Zwei weitere dicke Patzer von Ferrari und Sebastian Vettel sowie eine abermalige dominante Vorstellung von Mercedes öffneten den Weg für Lewis Hamilton. Mit seinem neunten Saisonsieg holte sich der Silberpfeil-Pilot beim Grand Prix in Japan zugleich den ersten Matchball, als er seinen Teamkollegen Valtteri Bottas sowie Red-Bull-Mann Max Verstappen auf die verbleibenden Podiumsplätze verwies. Sebastian Vettel wurde nach einem Unfall nur Sechster.

Jubel bei Mercedes, Frust bei Ferrari. Bereits am Samstag in der Qualifikation kam die Scuderia den Sternenkriegern mit einem gewaltigen Fauxpas entgegen, als man die Streckenbedingungen falsch einschätzte und die eigenen Schützlinge mit den falschen Reifen auf die Zeitenjagd schickte. 

Als zum Ende dann auch noch ein weiterer Regenguss einsetzte, fand sich Sebastian Vettel lediglich auf dem neunten Startplatz wieder, während Lewis Hamilton die nunmehr 80. Pole-Position seiner Karriere einfuhr. Dies öffnete letztlich den Weg zu einem entspannten Start- und Zielsieg Hamiltons. 

Dahinter entwickelte sich allerdings ein durchaus unterhaltsames Rennen. Bereits zum Start ließ Sebastian Vettel keine Zweifel aufkommen, dass er trotz seines riesigen Punkterückstandes noch ein Wörtchen im Titelkampf mitreden wollte, indem er sich bereits in der Eröffnungsrunde auf den vierten Platz nach vorne arbeitete. Dabei profitierte er auch von einem Techtelmechtel zwischen Max Verstappen sowie Ferrari-Teamkollege Kimi Raikkönen, als sich der Niederländer in der Schikane verbremste, beim Wiedereinfädeln auf der Strecke leicht mit dem Finnen kollidierte und diesen von der Strecke drängte. 

Vettel bedankte sich und zog so an seinem Stallgefährten vorbei. Für die Aktion verhängte die Rennleitung Verstappen eine Fünf-Sekunden-Strafe, der allerdings trotzdem den Bronzerang behielt und am Ende gar noch Druck auf Valtteri Bottas ausüben konnte. Dahinter riss Kevin Magnussen (Haas-F1) in einem gefährlichen Manöver die Tür vor Charles Leclerc (Sauber) zu, der in das Heck des Dänen knallte und ihm dabei den Reifen aufschlitzte. Wegen des über den ganzen Kurs verteilten Karbonschrotts wurde das Rennen zunächst mit dem Safety Car neutralisiert. 

Direkt nach dem Neustart in der achten Runde griff Sebastian Vettel umgehend nach Max Verstappen, krachte bei einem über-ambitionierten Manöver in der Löffelkurve jedoch seitlich in den Red-Bull-Boliden und drehte sich hinaus. Dadurch fiel der gebürtige Heppenheimer zunächst bis auf die letzte Position zurück, konnte trotz der beim Unfall zugezogenen Beschädigungen jedoch eine weitere Aufholjagd starten, die letztlich auf der sechsten Position endete. 

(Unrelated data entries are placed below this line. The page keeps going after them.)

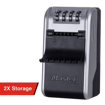 The Master Lock Wall Mount Lock Box was designed with real estate professionals, property managers, and construction industry experts in mind. This upgraded design incorporates feature improvements based on professionals' needs to operate their businesses smoothly. The innovative built-in bin securely holds keys in place to prevent jamming, while its expanded storage capacity accommodates not only keys but also fobs and access cards. A new weatherproof dial cover provides added protection against harsh weather and demanding job-site conditions, while the solid metal body defends against tampering. For added convenience, the wall mounting installation provides a permanent solution, giving teams and clients reliable access whenever needed. The lever-free design streamlines opening and closing, making it quicker and easier than ever. Whether it's your home, business, Airbnb/VRBO, or job site, this lock box offers a reliable and convenient solution for granting access to trusted individuals. Size: Large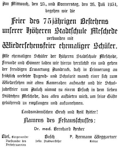 - Mescheder Zeitung vom 25.126. Juli1934.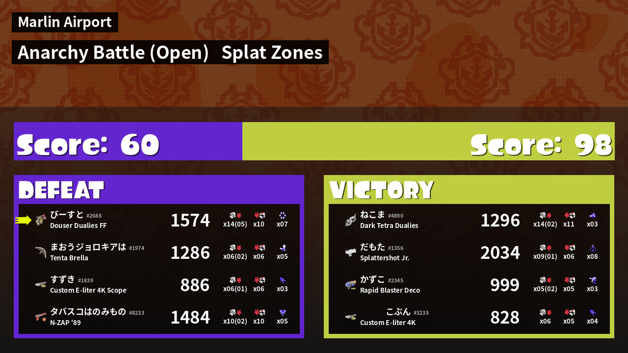 | Mode | Splat Zones - Anarchy Battle (Open) | ||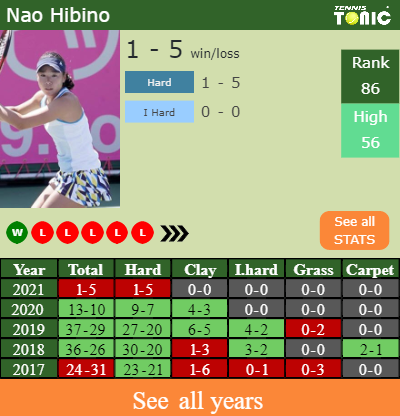Talking about her overall career, Nao has an overall 276-212 record. She has a negative 22-25 record on clay.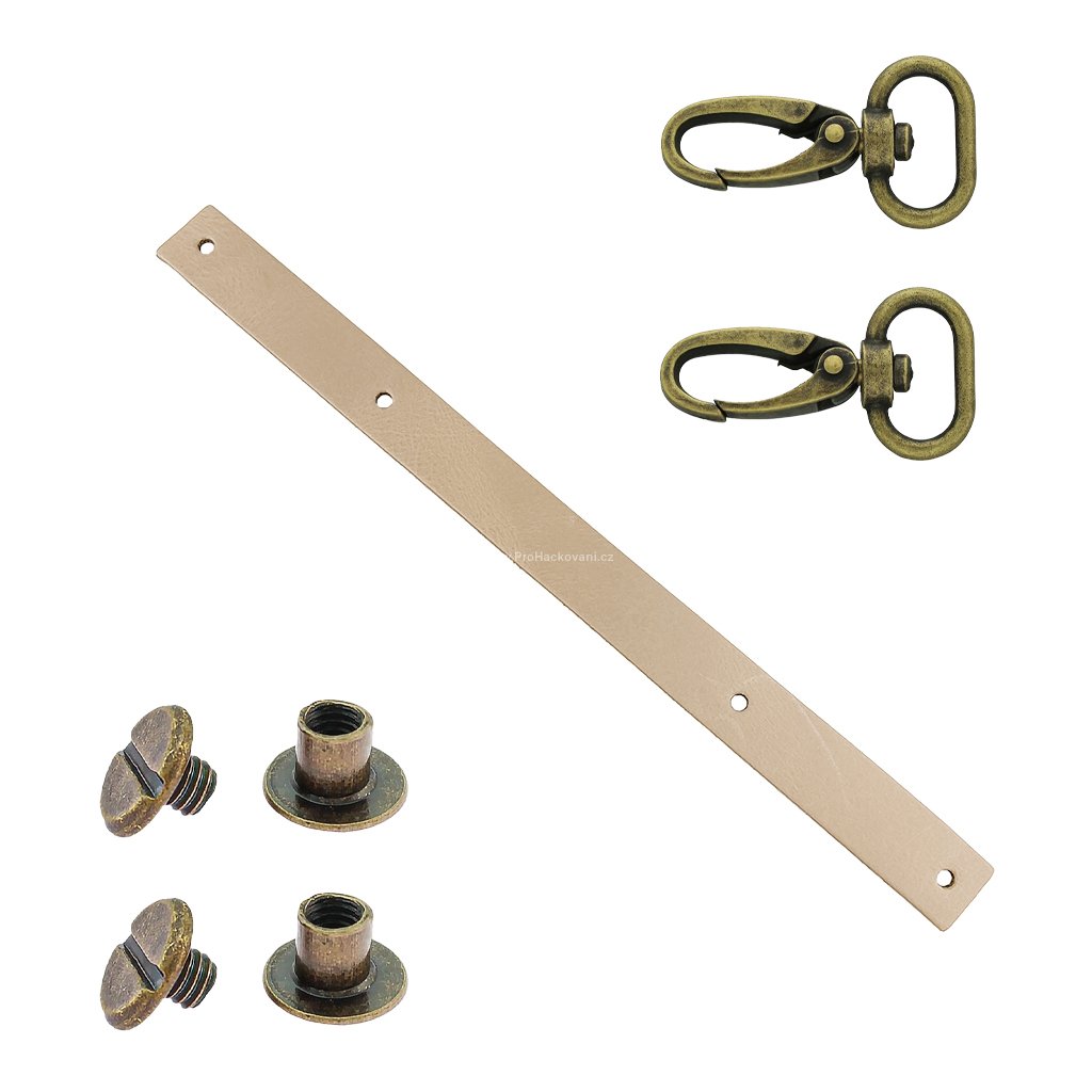 Sada kožený popruh 22 cm š. 2,5 cm krémový s karabinou staromosaz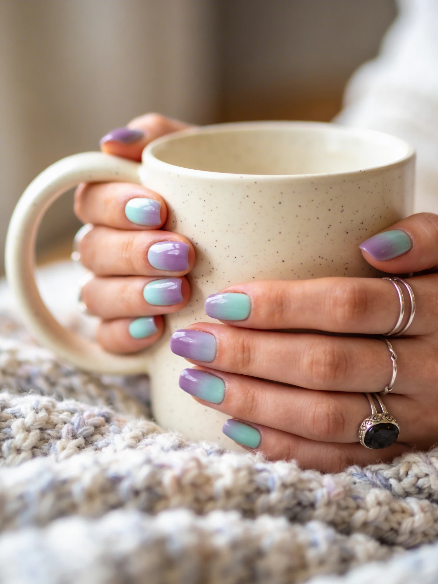 Close-up of hands with gradient purple and teal nails holding a beige mug, adorned with silver rings, against a cozy knitted background.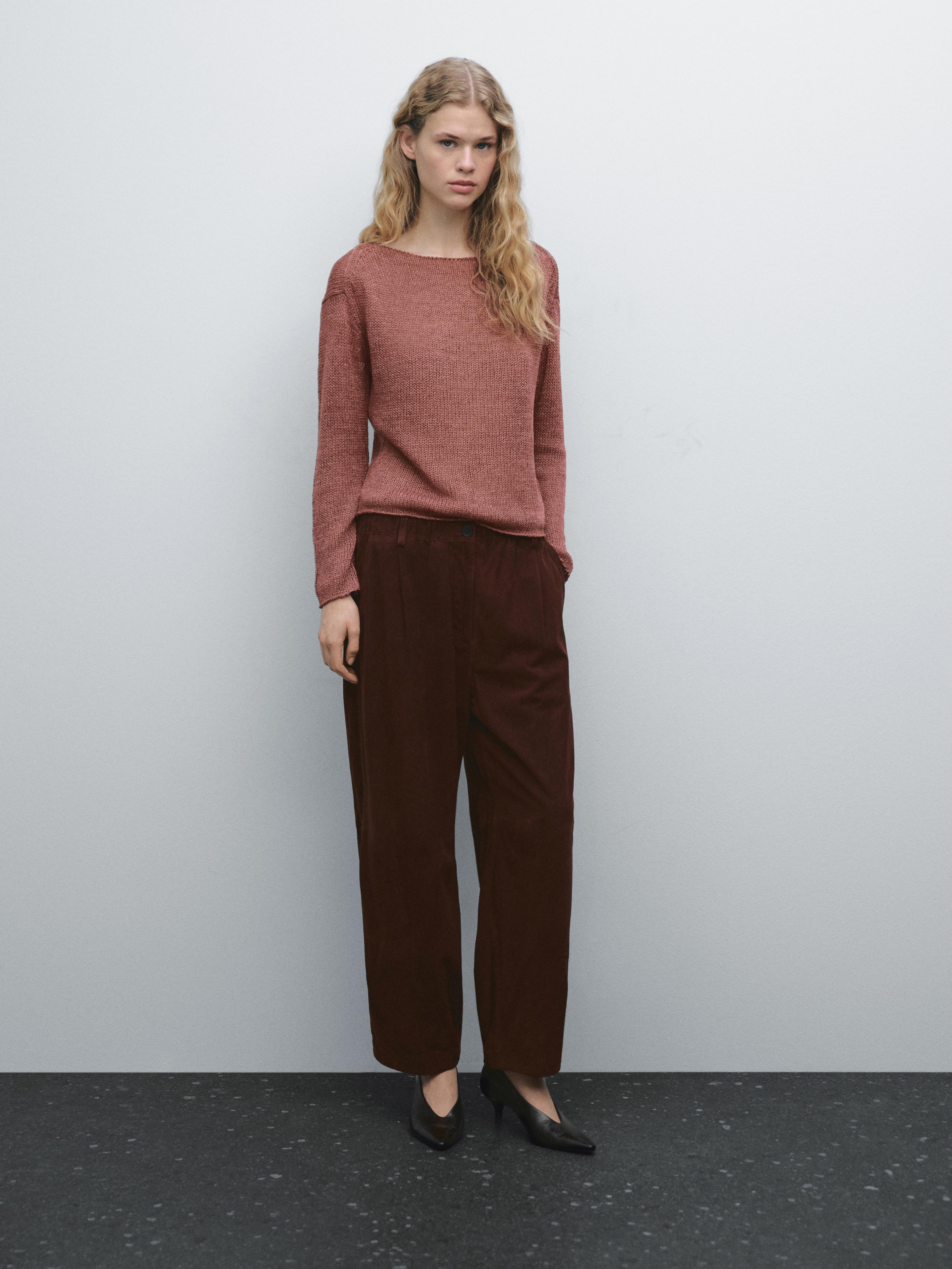 Jumper made of 100% linen fabric. ياقة مركب. أكمام طويلة. نسيج خفيف ومريح يسمح بحركة ممتازة.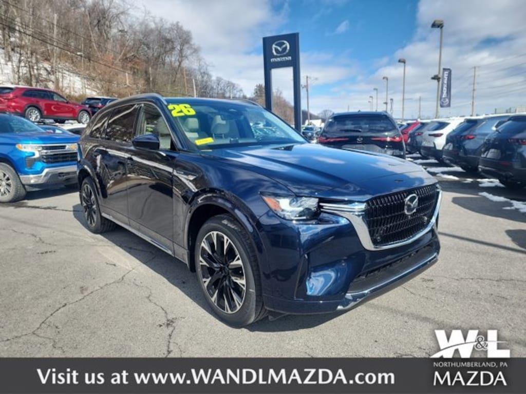 Wireless Phone Connectivity, Window Grid Antenna, Wheels: 21 x 9.5J Machine Cut Aluminum Alloy, Trunk/Hatch Auto-Latch, Trip Computer, Transmission: SKYACTIV Drive 8-Speed Automatic -inc: manual shift mode, paddle shifters and Mazda intelligent drive select (Mi-Drive): sports/off road/towing, Transmission w/Driver Selectable Mode, Tracker System, Towing Equipment -inc: Trailer Sway Control, Tires: 275/45R21. This Mazda CX-90 has a dependable Intercooled Turbo Gas/Electric I-6 3.3 L/200 engine powering this Automatic transmission.
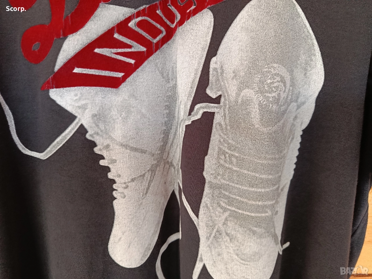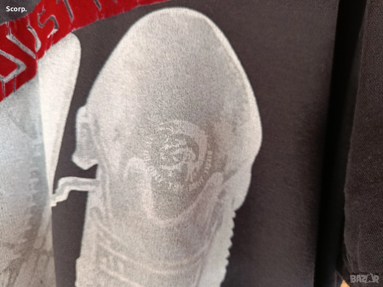 Състояние на продукта:6,5/10.Тениската е в добро състояние.Някои части на графичният принт са леко изтрити.Тениската е идеално за добавяне към вашата колекция.Тениската има няколко малки леки петна и едва забележими прободени дупки,които не са сериозни и не променят качеството и външния вид на тениската и не пречат на носенето ѝ.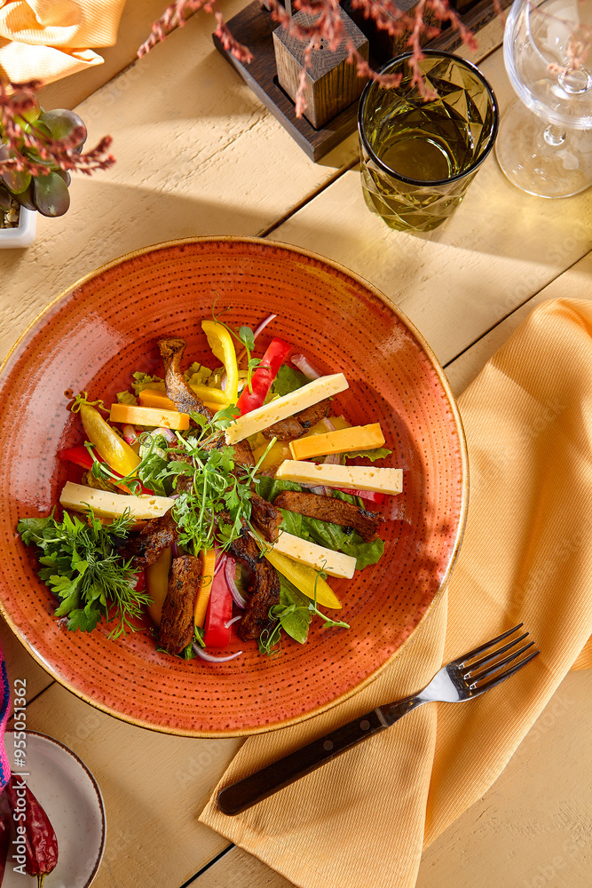 Fresh Beef Steak Salad with Cheese and Vegetables - Gourmet Cuisine on a Rustic Plate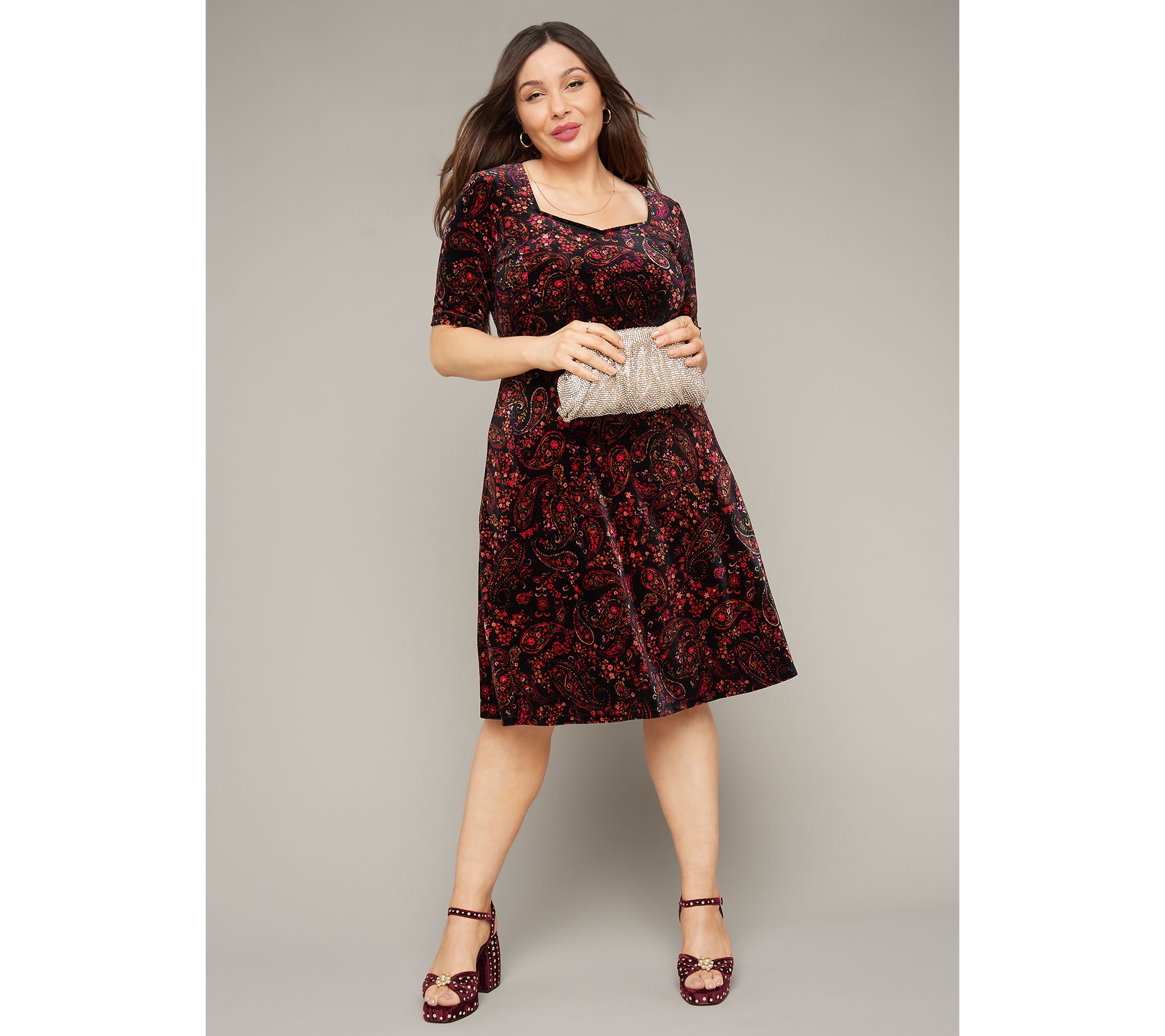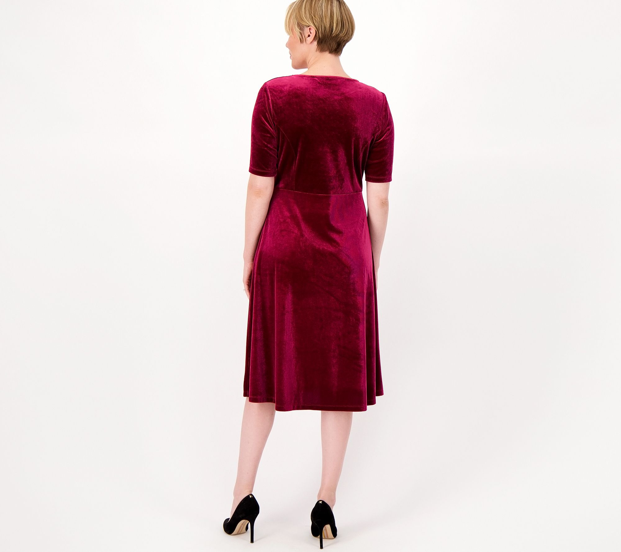 You'll feel pretty -- oh-so pretty in this velvet dress! Not only is the silhouette just heavenly, but the sweetheart neckline adds a feminine finishing touch. From Isaac Mizrahi Live!TM.

Ähnlich erging es auch Daniel Ricciardo (Red Bull), der nach einem technischen Problem in der Qualifikation lediglich von Startplatz 15 ins Rennen ging, sich aber auf die vierte Position vorarbeitete. Dabei profitierte der Australier von einer weiteren Strategiepanne seitens Ferrari, die Kimi Räikkönen als ersten der Top-Piloten zu früh zum Reifenwechsel beorderten. Daraufhin flog der Finne zunächst ins Mittelfeld zurück, wo er im Verkehr zu viel Zeit auf die beiden roten Bullen verlor und somit lediglich Fünfter wurde. Nico Hülkenberg (Renault) schied wegen eines technischen Defekts nach 40 Runden hingegen vorzeitig aus.

Nach einem weiteren desaströsen Wochenende für Ferrari ist die Weltmeisterschaft nun endgültig nahezu entschieden. Bereits beim kommenden Grand Prix in den USA in zwei Wochen kann Lewis Hamilton (331 Punkte) vorzeitig seinen fünften Titel gewinnen. Hierfür benötigt er lediglich acht Zähler mehr Konkurrent Sebastian Vettel (264 Punkte).